This is what is such a contradiction, and today I feel that abortion has become the greatest destroyer of peace. We are afraid of the nuclear wars because it is touching us, but we are not afraid, the mother is not afraid to commit that terrible murder. Even when God Himself speaks of that, He says “even if mother could forget her child, I will not forget you. I have carved you on the palm of my hand, you are precious to me, I love you.” These are God’s own words to you, to me, to that little unborn child. And this is why if we really want peace, if we are sincere in our hearts that we really want peace, today, let us make that strong resolution that in our countries, in our cities, we will not allow a single child to feel unwanted, to feel unloved, to throw away a society. And let us help each other to strengthen that. That in our countries that terrible law of killing the innocents, of destroying life, destroying the presence of God, be removed from our country, from our nation, from our people, from our families.

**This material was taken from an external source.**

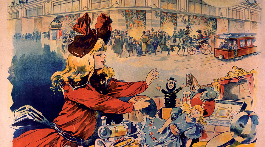 Le XIXe siècle voit l’apparition des grands magasins, dont l’entrée est libre, et qui pratiquent des prix fixes et affichés (mettant fin au marchandage). Ce nouveau moyen de distribution accompagne l’émergence des classes bourgeoises. Pour promouvoir ces nouveaux lieux, l’affiche est mise à contribution. Sur cette affiche publiée lors de l’Exposition internationale de 1894, on peut voir le Grand Bazar de Lyon, qui se trouvait place des Cordeliers à deux pas du Musée de l’imprimerie et de la communication graphique, à l’emplacement de l’actuel magasin Monoprix.

And so that today, when we are praying, let us bring again and again prayer in our life. For prayer will give us strength. Prayer is something that will help us to see God in each other, to help us to love one another as He loves each one of us. This is something that you and I must bring to the world. The whole world is looking up at you. You have gathered here, from all the nations to find the ways and means of peace. For sure, works of love are works of peace, and they begin in our family. Much suffering, much destruction has come from the home, from the family. By destroying the unborn child, we are destroying the presence of God. We have destroyed love. We have destroyed the most sacred thing that a human being can have: the joy of loving and joy of being loved.

And so today, when we have gathered here together, let us carry in our hearts one strong resolution: I will love. I will be a carrier of God’s love. For that is what Jesus came to teach us: How to love one another. And to bring Him to love at home, in our own family, in our own... to those that are unwanted. Maybe in our own family we have the lowly.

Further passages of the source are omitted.